Мама снова улыбнулась. Хотя в ее глазах и стояла печаль, но это было понятное чувство, и радость в ее голосе его смягчила. Наверное, так и должно быть; и всякий, кто достаточно пожил на свете, однажды понимает эту истину. Радость и печаль неизбежно идут рука об руку, и хотя важно сполна отдаваться и тому и другому, но за радость все же стоит держаться чуть крепче, ведь неизвестно, когда сильное сердце в конце концов не выдержит.
Мередит взяла за руку сестру, которую обрела, и сказала:
– Я очень рада познакомиться с тобой, Аня. Мы так много о тебе слышали…
Нет, и не под чуждым небосводом,
И не под защитой чуждых крыл, —
Я была тогда с моим народом,
Там, где мой народ, к несчастью, был.
Эпилог
2010
Ее зовут Вера, она бедная девушка, почти никто.
Ни один человек в Америке не смог бы понять ни ее, ни тот край, в котором она живет. Ее любимый Ленинград – окно в Европу, прорубленное Петром, – увядает, словно цветок: он все так же прекрасен, но гниет изнутри.
Вера, правда, об этом пока не знает. Она всего лишь юная девушка с большими мечтами.
Летом она часто просыпается среди ночи, привлеченная неким звуком. Она выглядывает из окна и смотрит на мост вдалеке. В июне, когда воздух пахнет липами и цветами, а ночь коротка, как взмах крыльев бабочки, приятное волнение не дает ей уснуть.
Стоят белые ночи. В это время на город не опускается ночь, а гомон на улицах не затихает ни на минуту…
Я улыбаюсь, завершая эту книгу – свою книгу. Прошло столько лет, и я наконец дописала воспоминания. Не сказку, не выдумку, а историю собственной жизни, которую я рассказала настолько правдиво, насколько смогла. Папа бы мной гордился. Я все-таки стала писательницей.
Эта книга – подарок моим дочерям, хотя они подарили мне куда больше, и без них, разумеется, все эти слова по-прежнему остались бы надежно запрятанными и до конца дней отравляли меня изнутри.
Мередит дома с Джеффом: Джиллиан выходит замуж, и свадебные хлопоты в самом разгаре. Сейчас Мэдди уехала на работу: она управляет четырьмя сувенирными лавками, открытыми ее мамой. Я никогда не видела Мередит настолько счастливой. Она посвящает каждую свободную минуту любимому делу, и они с Джеффом много ездят по миру. По их словам, они собирают материалы для его книг – между прочим, очень успешных, – но, по-моему, им просто нравится проводить время вместе.

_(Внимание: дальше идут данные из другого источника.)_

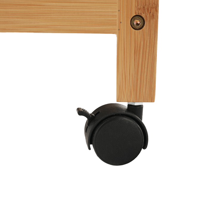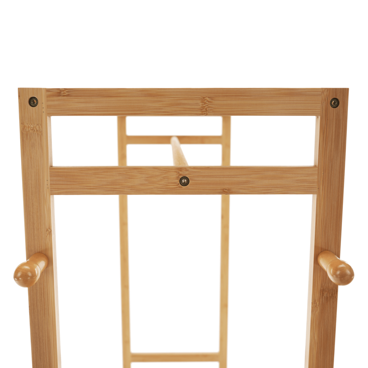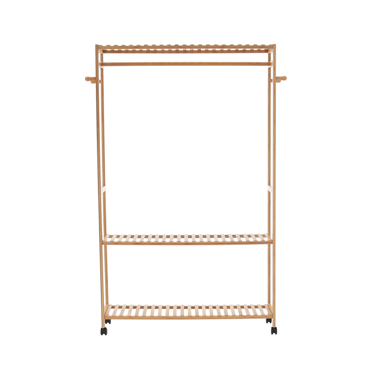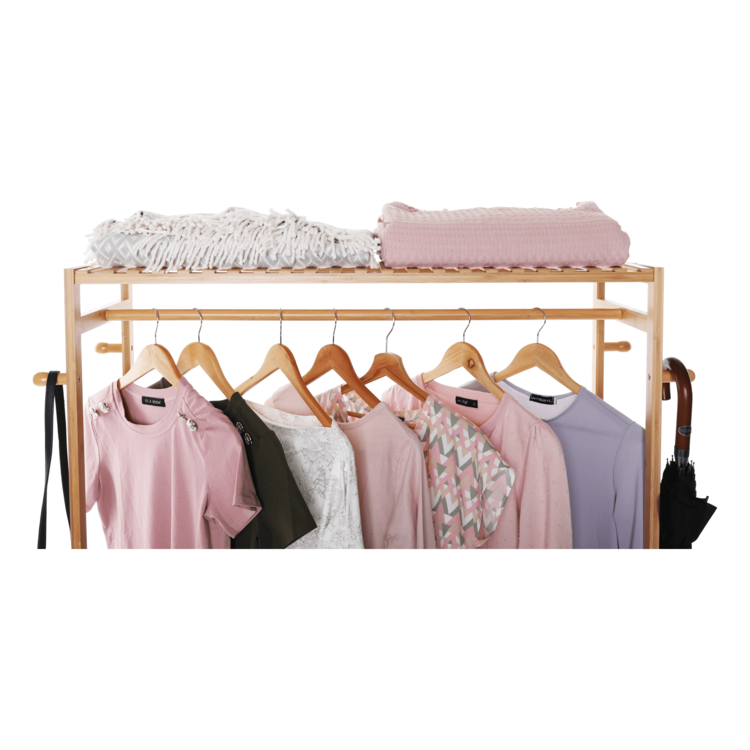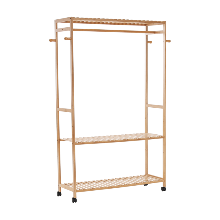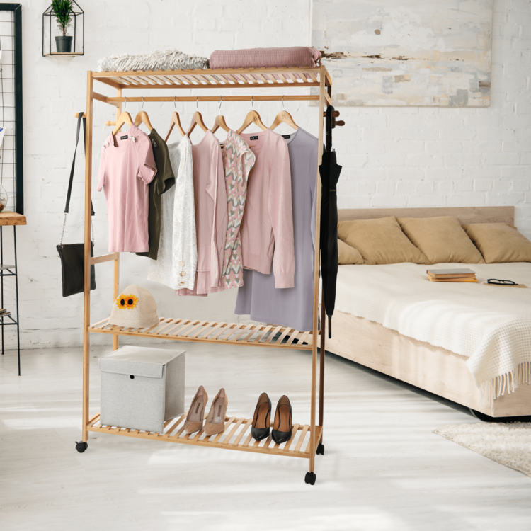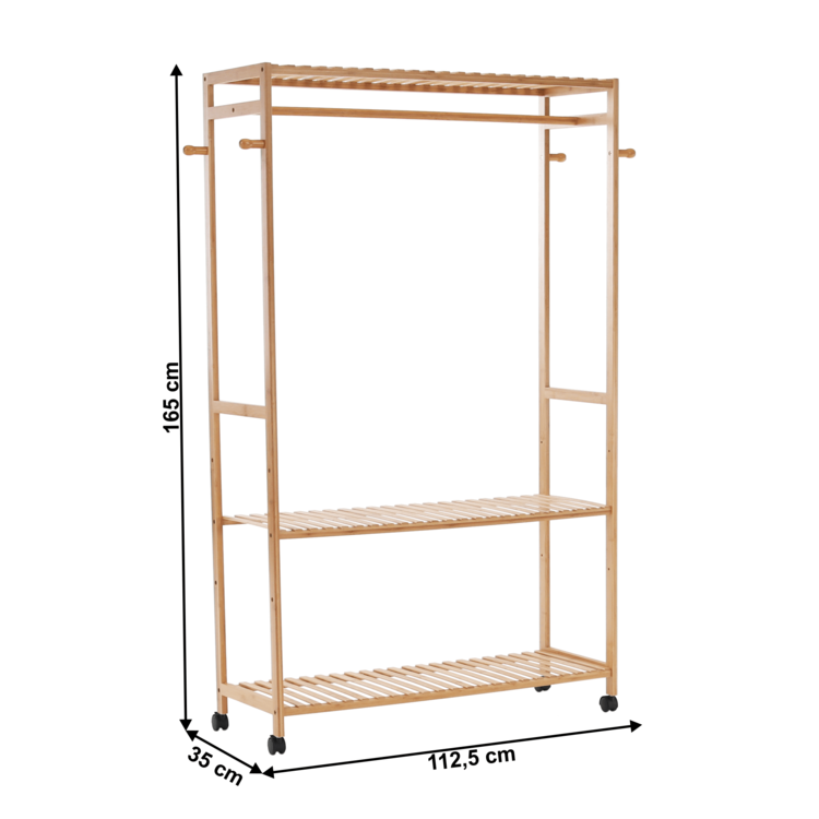 Šatníkový organizér MELAR má skvelý funkčný dizajn a je vyrobený z prírodného bambusu. Poskytuje ideálny úložný priestor pre vaše oblečenie kdekoľvek a v ktorejkoľvek miestnosti. Stojan je pojazdný vďaka kolieskam. Skladá sa z 2 políc v spodnej časti, 1 police v hornej časti a vešiakovej tyče. Po bočných stranách stojana sú umiestnené 4 háčiky, ktoré môžete využiť na zavesenie rôznych doplnkov.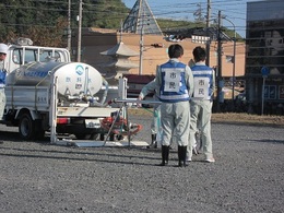・給水場所で給水車(給水ポンプ)の水が減った状況を想定し、第一環境㈱へ応援要請し、駆けつけた加圧給水車へ補給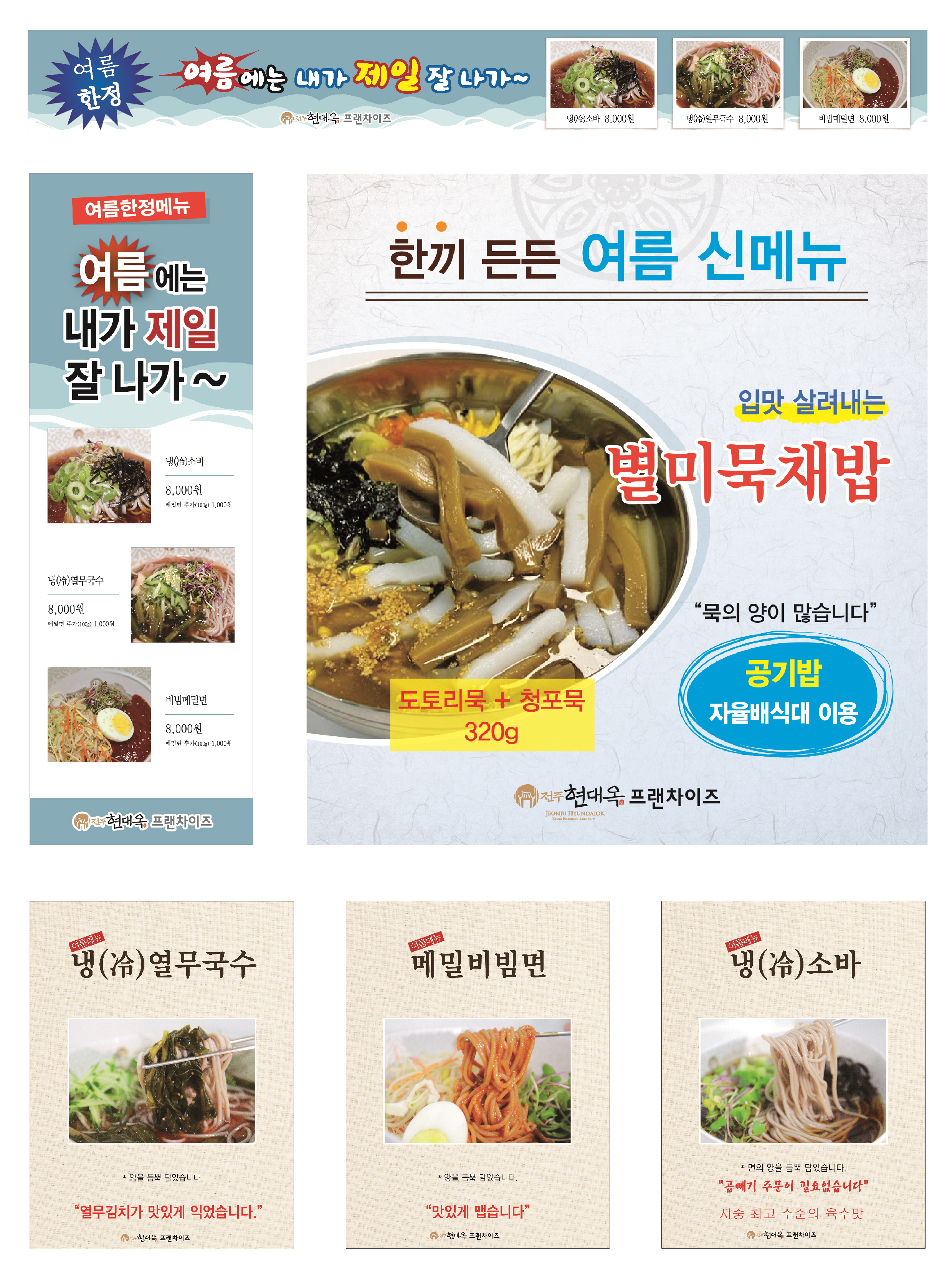 일선 가맹점에서 매년 여름 한정 판매하는 여름메뉴들이 금년에도 판매 개시되었습니다. 여름 메뉴들은 그 간 수 년간 판매해 오면서 상품성이 검증된 것들이어서 가맹점 매출에 도움이 될 것으로 기대합니다. 판매 개시하는 여름메뉴들은 냉소바 비빔소바 열무국수 별미묵채밥 등인데, 맛 동질성 차원에서 이 메뉴들에 대한 식자재는 가맹본부에서 일괄 공급하며, 가맹점별 취급 여부와 메뉴 선택은 가맹점 자율선택에 맡기고 있습니다. 현대옥본점에서는 수 년 전 해당 메뉴들을 시험 출시하고 판매하여 왔는데, 작년 여름부터는 판매 중단하였습니다. 신메뉴가 개발되고 출시되는 과정에서 반드시 본점에서 시험 출시를 거치게 되는데, 여름 메뉴들도 본점이 당연히 해야 할 역할을 마무리하고 또 다른 신메뉴들을 개발 론칭하고자 하면서 해당 메뉴들의 판매를 중단하게 된 것입니다. 아래에 여름메뉴들에 대한 홍보물을 첨부해 놓습니다.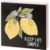 A wooden block sign from our Garden Collection featuring a hand lettered "Keep Life Simple" sentiment with whimsical lemon designs on a black base. Sides feature contrasting pink color for added interest. Our Keep Life Simple sign is easy to hang via predrilled keyhole slot or can free-stand alone.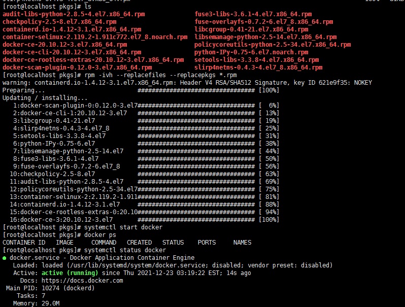 2,把docker及相关的依赖rpm包传到服务器上某个自己建的目录下,进入目录直接运行命令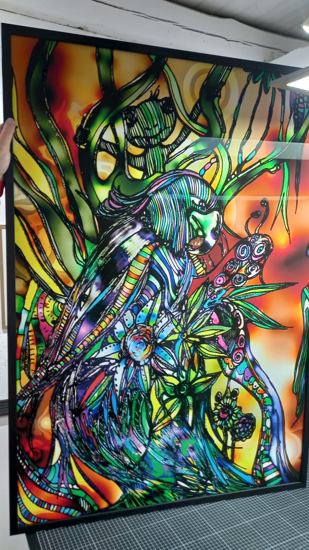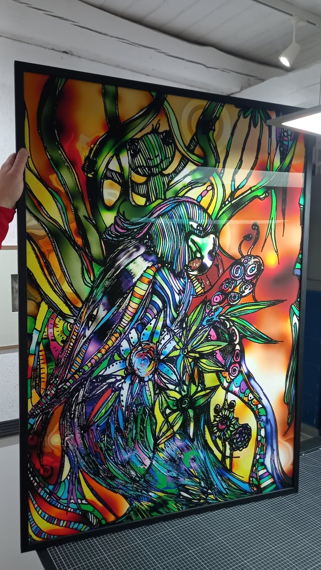 Join us down the rabbithole on a twelve peice journey of awakening, struggle and tales from our collective unconscious! - Museum/Archive standard with a minimum of 100 years lifespan. Acid-free paper, custom-build frame, non-reflective glass & dustproof seal all according to ISO-9706 standards. - Artwork delivered with certificate of authenticity, legal document of ownership, personal letter, signed by the artists themselves. - Personal delivery by the artists themselves. (look at additional shipping information for info) - Extremely limited edition (3-5 depending on size) 3 sizes: 60x85cm / 85x120cm / 100x140cm 2700€ / 3000€ / 3300€ per size respectively. Artwork #6 in the exclusive limited edition series "Det som är svårast att se" (The hardest thing to percive) Psychedelic Art by Josephine Lundqvist & Johan Wretman. The final craftmanship with frames, glass and printing done by Niklas Storm/Fotoverket. An analog-digital-analog workproccess from pen and paper and mixed techniques on paper, via the digital universe and back out again on the other side, with handmade custom build frames, non-reflective glass on acid-free paper and with worldclass printing. Welcome! / Johan & Josephine - HeNåAnne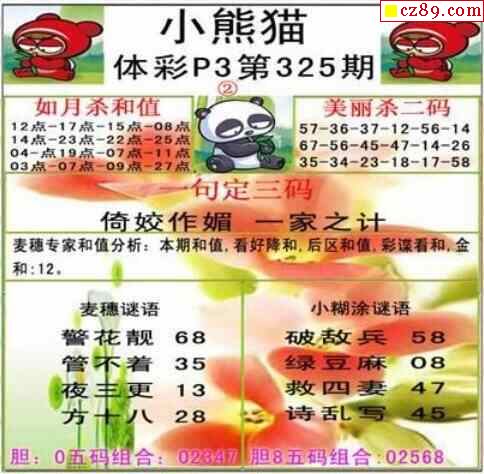 2023年325期牛彩网体彩P3画迷图谜汇总分享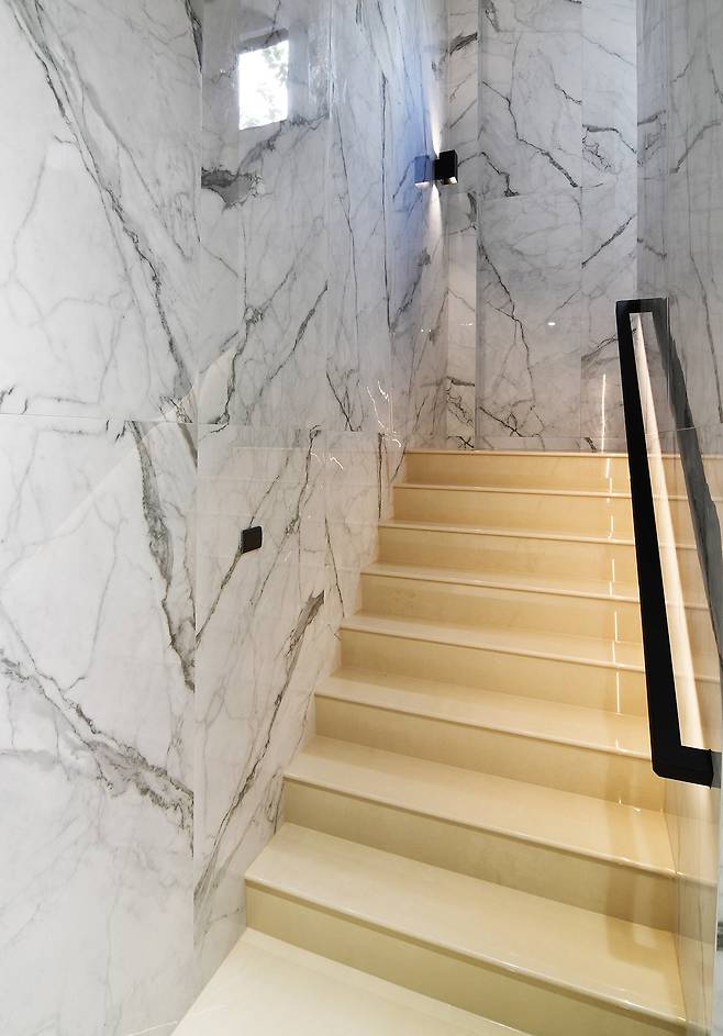 난간에 통합된 선형 조명은 길을 따라 빛의 방향을 제시하고, 집의 성격을 은근히 드러낸다. 첫 걸음부터 이곳은 단순한 통로가 아니라 집 전체의 리듬을 예고하는 무대다.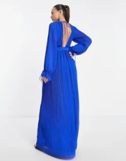 ASOS DESIGN Tall – Vestito Lungo Con Maniche A Campana Blu Cobalto Con Pieghe E Cintura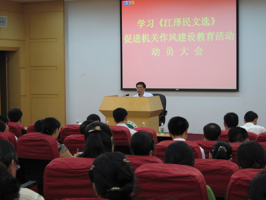 学校党办主任、机关党总支书记卓光琳主持动员大会,并对学习《江泽民文选》,促进机关作风建设教育活动的相关工作进行了说明和安排。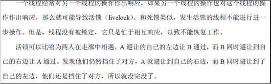 并发应用程序按照及时方式执行的能力成为活性,一般包括三种类型的问题,死锁,饿死和活锁。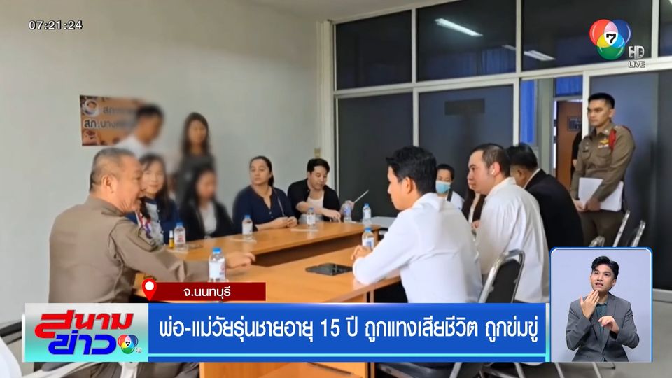 สนามข่าว 7 สี - แม่ของวัยรุ่นอายุ 15 ปี ที่ถูกแทงเสียชีวิต เข้าร้องกับประธานศูนย์ยุติธรรมเทศบาลเมืองบางศรีเมือง ให้ช่วยติดตามความคืบหน้าคดีลูกชาย หลังถูกฝั่งคู่กรณีโพสต์ข่มขู่ผ่านโซเชียล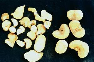 珠贝:为完整的鳞茎,呈扁圆球形。表面白色,外层两枚鳞叶肥厚,略似肾脏形,内表面呈淡黄白色,质地、气味同元宝贝。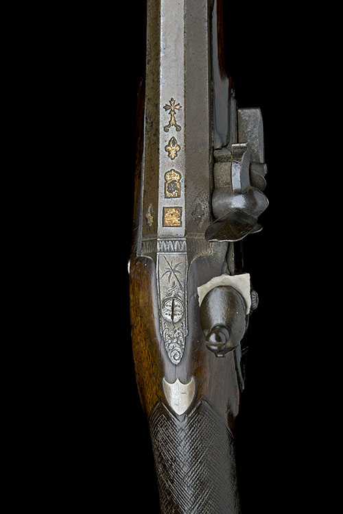 circa 1795, with two stage 28in. Spanish barrel banded and engraved at the intersection with traces of gilt inlay, bead fore-sight, gilded Spanish makers cartouches and fleur-de-lys quality marks at breech, slightly curved, flat, bevel-edged stepped tail lockplate signed forwards of the hammer in script 'H.W. MORTIMER & CO', gilded rainproof pan, roller frizzen, walnut half-stock chequered at the wrist (crack below the lock), raised cheek-piece, iron furniture including scrolled pistol-grip lower tang, vase finial, horn fore-end tip and replacement ramrod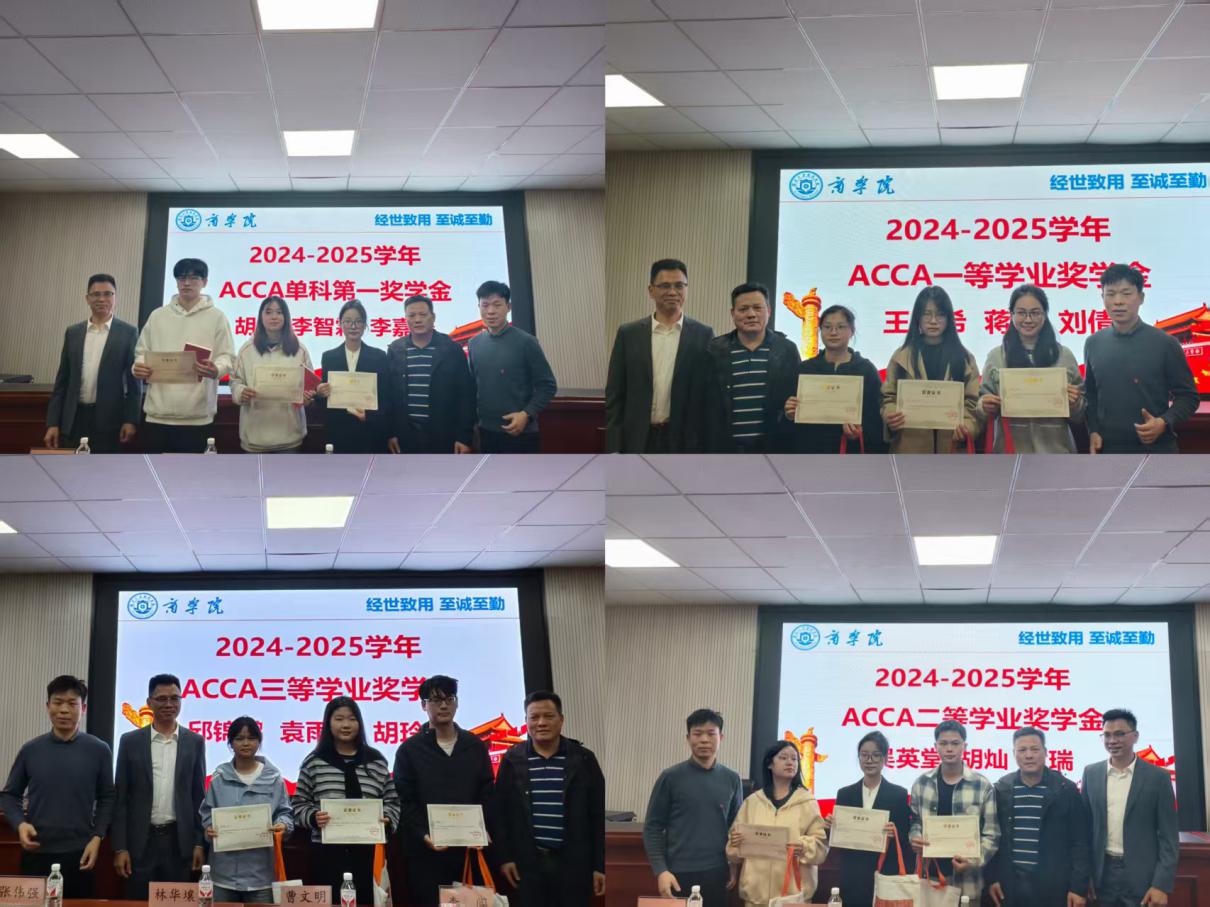 颁奖典礼环节,与会领导分别为2024-2025学年“ACCA单科第一奖学金”、“ACCA学业奖学金”获得者颁发证书和奖品。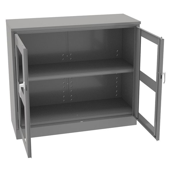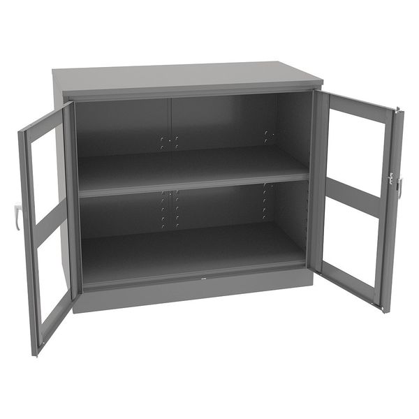 SKU G7264336CategoriesDescription Storage Cabinet, Base Type Leveling, Body Panel Type Solid, Cabinet Color Medium Gray, Cabinet Material Steel, Cabinet Storage Components Shelves, Door Handle Type Swing, Door Type Clearview, Duty Rating Medium Duty, For Use Indoors/Outdoors No, Frame Assembled Unassembled, Load Capacity per Shelf 400 lb, Lock Type Keyed, Mobility Stationary, Mounting Location Freestanding, Number of Shelves 2, Overall Depth 18 in, Overall Height 42 in, Overall Width 48 in, Audit Trail Storage NonegraingerSKU: 8PGK3, mscSKU: , zoro_no: G7264336, mongo_id: 65bbe98f22d7a989a996267b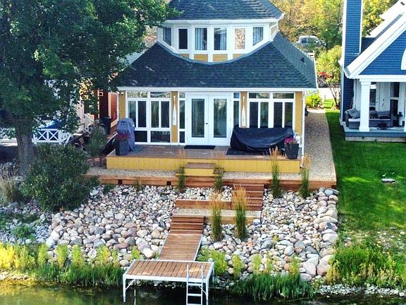 Completely reimagined from the studs up, this stunning home offers the very best of modern design blended seamlessly with the lifestyle of lakefront living. Step inside to an open-concept layout where natural light pours through expansive windows, highlighting sleek finishes and thoughtful updates throughout. The heart of the home flows effortlessly into a spectacular 4-season sunroom with walls of glass, creating an inviting retreat that captures breathtaking lake views year-round. Step out to your back deck and soak in the tranquility of waterfront living. An attached garage adds convenience, while the home’s fresh redesign ensures every detail is ready for you to move in and enjoy. Beyond your door, the community is unmatched—residents enjoy exclusive access to a clubhouse, private boat launch, boat slips, and tennis/pickleball courts. With an 18-hole golf course just across the street and shopping, dining, and vibrant downtown amenities only a short walk away, every day feels like a vacation. This is more than a home—it’s a lifestyle. From sunrise coffees by the water to evenings entertaining friends, you’ll find yourself embracing the charm, leisure, and luxury that only true lake life can offer. Don’t miss this rare opportunity to own a fully updated lakefront retreat. New furnace, A/C, water softener, hot water on demand, fireplace - this beauty has had a major face lift.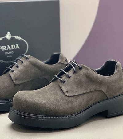 • [홍콩명품,PRADA] 프라다 24SS 로고 레더 가죽 구두 워커 (그레이), SE4032, PMD, 명품스니커즈,운동화,구두,로퍼,하이탑,신발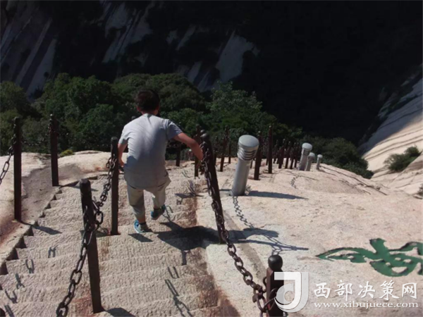 千百年前,陡峭如削的華山,艱險異常,難以登攀,只能望山興嘆、遠(yuǎn)而望之。后來人們循猿徑,依山就勢,巧妙地利用天設(shè)地造的石隙嶺脊,開鑿出了登山道路,始有天下奇觀“自古華山一條路”。

Нина сейчас на втором этаже с Дэниелом – замуж за него она так и не вышла, но любит его сильнее, чем готова себе признаться. Они по-прежнему мотаются по всему свету, увлекая друг друга в одну безумную авантюру за другой. Сейчас им следует паковать чемоданы, но, подозреваю, вместо этого они занимаются любовью. Я за них рада.
А Аня – неважно, что теперь она зовет себя на американский лад, для меня она всегда будет Аней – в церкви со своей семьей. Они приезжают сюда пару раз в год, и тогда наш дом наполняется смехом. Мы с Аней долгие часы проводим на кухне, разговариваем по-русски, вспоминаем умерших. Через слова, улыбки и взгляды мы наконец-то, спустя столько лет, можем почтить их память.
Я в последний раз беру в руки книгу воспоминаний и подписываю: «Моим детям» – так жирно, как удается ослабшим пальцам. Затем откладываю ее в сторону.
Глаза начинают слипаться. Теперь я легко засыпаю, а в моей комнате даже в конце декабря так тепло…
Мне слышится детский смех.
А может, я лишь уловила эхо рождественского ужина. В этом году мы снова собрались вместе, со всеми новыми членами нашей семьи.
Я очень везучая. Я не всегда это понимала, но знаю сейчас. Сколько бы я ни допустила ошибок, сколько бы ужасных решений ни приняла, но в старости меня любят, а главное, люблю я сама.
Что-то заставляет меня встрепенуться и открыть глаза. Какой-то звук. На мгновение я теряюсь, не понимаю, где нахожусь. Затем различаю знакомый камин, елку в углу и свой фотопортрет.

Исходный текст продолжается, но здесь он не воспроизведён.